Entries provided:
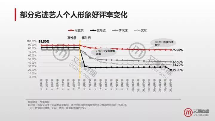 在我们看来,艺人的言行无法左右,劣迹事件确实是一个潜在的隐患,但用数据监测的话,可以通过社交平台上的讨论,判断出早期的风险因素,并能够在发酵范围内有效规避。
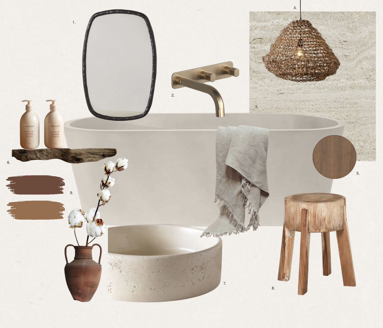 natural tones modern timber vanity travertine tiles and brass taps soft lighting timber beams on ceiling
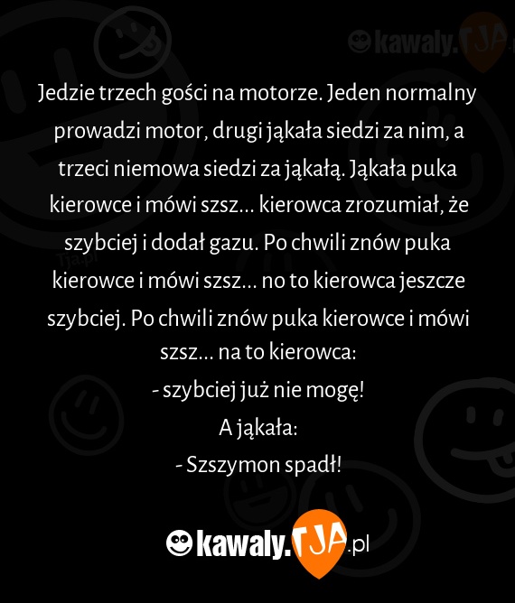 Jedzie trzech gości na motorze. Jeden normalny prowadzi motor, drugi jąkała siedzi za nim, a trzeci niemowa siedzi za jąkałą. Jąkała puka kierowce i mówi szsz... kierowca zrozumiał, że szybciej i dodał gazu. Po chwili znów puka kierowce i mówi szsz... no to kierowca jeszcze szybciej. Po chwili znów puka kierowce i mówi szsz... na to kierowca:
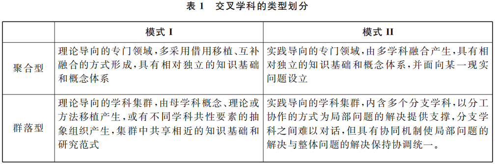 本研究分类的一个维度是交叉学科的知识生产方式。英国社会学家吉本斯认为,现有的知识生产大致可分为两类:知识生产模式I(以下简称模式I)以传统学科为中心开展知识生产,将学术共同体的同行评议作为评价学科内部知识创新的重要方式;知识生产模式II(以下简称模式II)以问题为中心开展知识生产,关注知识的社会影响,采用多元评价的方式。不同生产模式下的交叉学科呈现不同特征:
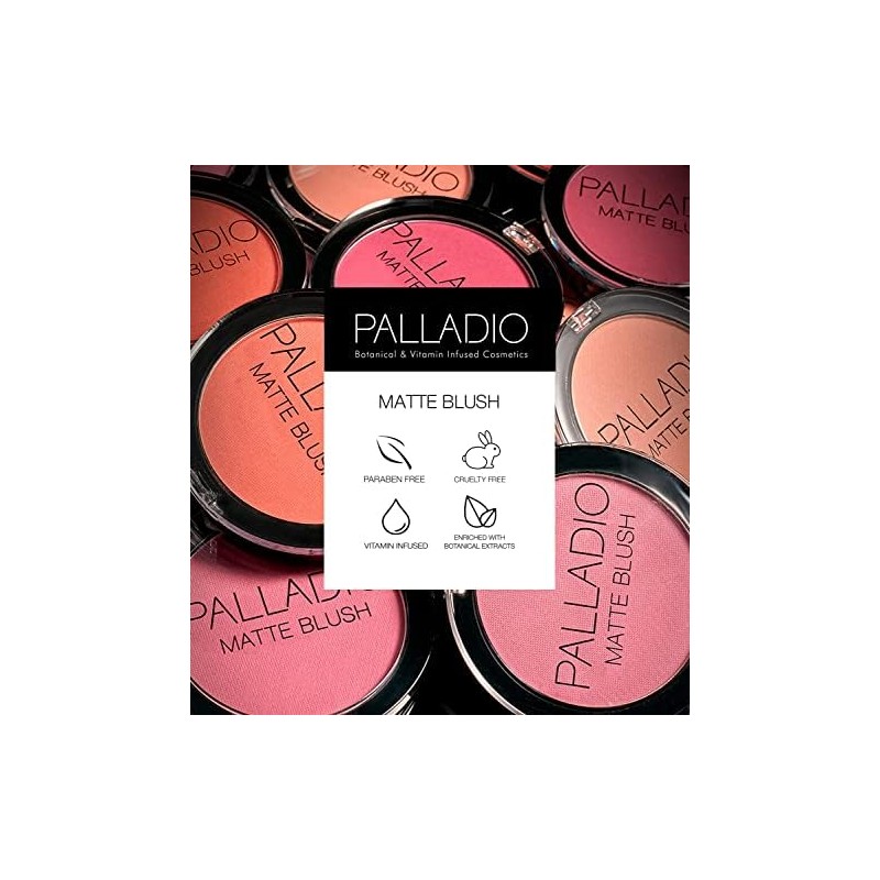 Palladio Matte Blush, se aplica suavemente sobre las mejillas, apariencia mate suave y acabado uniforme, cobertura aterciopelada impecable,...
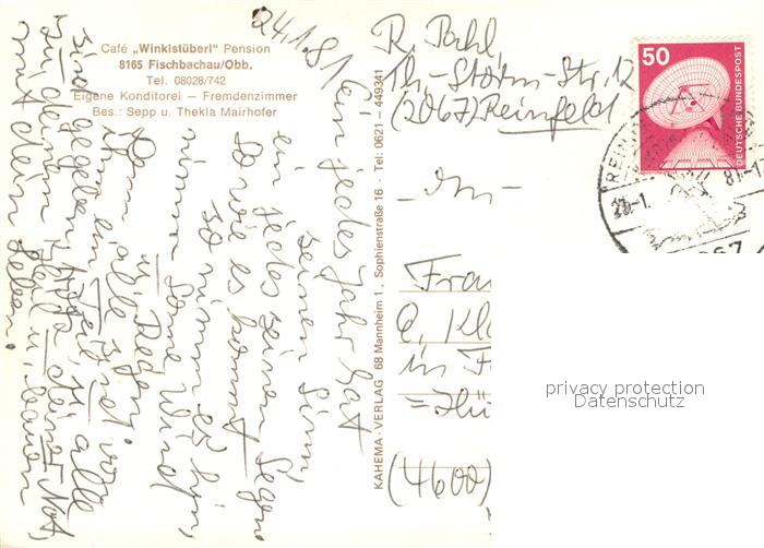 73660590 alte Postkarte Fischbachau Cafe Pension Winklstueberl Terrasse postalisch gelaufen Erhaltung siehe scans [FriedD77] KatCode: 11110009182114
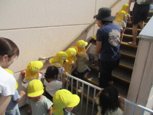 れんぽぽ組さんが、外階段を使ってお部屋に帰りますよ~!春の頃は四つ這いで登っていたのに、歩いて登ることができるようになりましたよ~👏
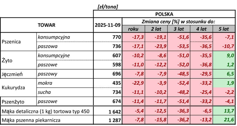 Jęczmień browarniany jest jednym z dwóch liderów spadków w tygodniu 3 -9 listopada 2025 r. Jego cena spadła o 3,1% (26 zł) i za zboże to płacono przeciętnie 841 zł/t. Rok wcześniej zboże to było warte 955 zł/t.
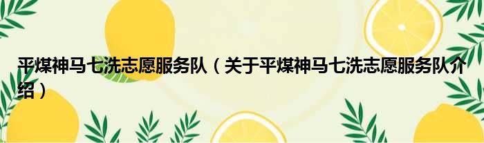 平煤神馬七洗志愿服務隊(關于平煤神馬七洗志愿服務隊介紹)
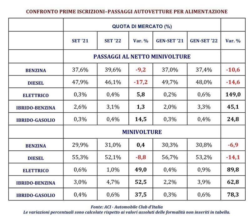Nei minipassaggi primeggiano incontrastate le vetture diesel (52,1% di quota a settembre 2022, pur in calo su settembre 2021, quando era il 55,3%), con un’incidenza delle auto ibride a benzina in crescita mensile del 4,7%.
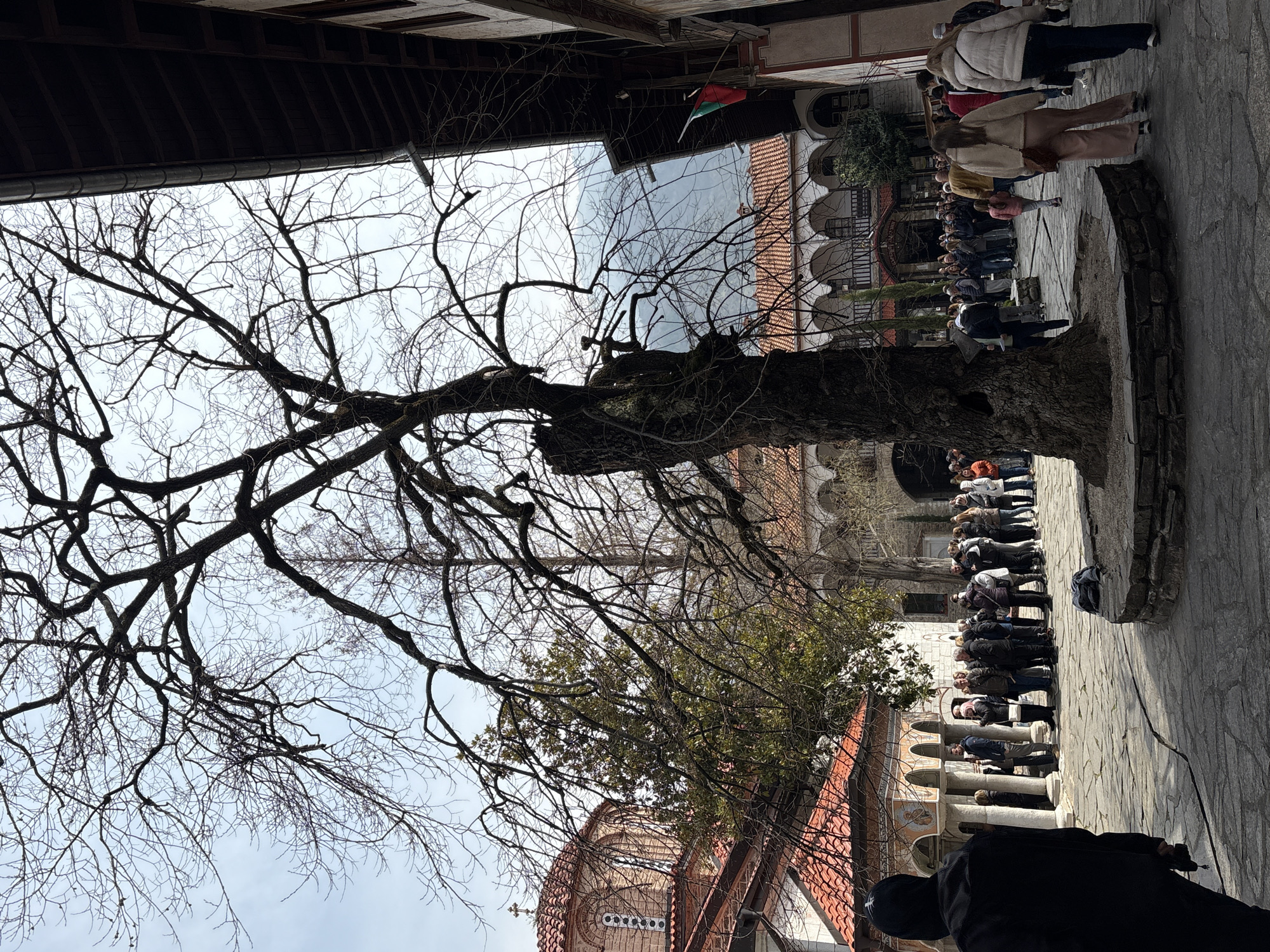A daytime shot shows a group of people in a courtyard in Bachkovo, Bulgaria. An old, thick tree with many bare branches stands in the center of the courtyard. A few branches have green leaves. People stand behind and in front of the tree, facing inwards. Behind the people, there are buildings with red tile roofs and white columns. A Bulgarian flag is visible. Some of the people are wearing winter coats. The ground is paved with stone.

Work task:
From the first line of the entries above through the line with "natural tones modern", set down each line exactly and drop the pictures.

Task response:
 在我们看来,艺人的言行无法左右,劣迹事件确实是一个潜在的隐患,但用数据监测的话,可以通过社交平台上的讨论,判断出早期的风险因素,并能够在发酵范围内有效规避。
 natural tones modern timber vanity travertine tiles and brass taps soft lighting timber beams on ceiling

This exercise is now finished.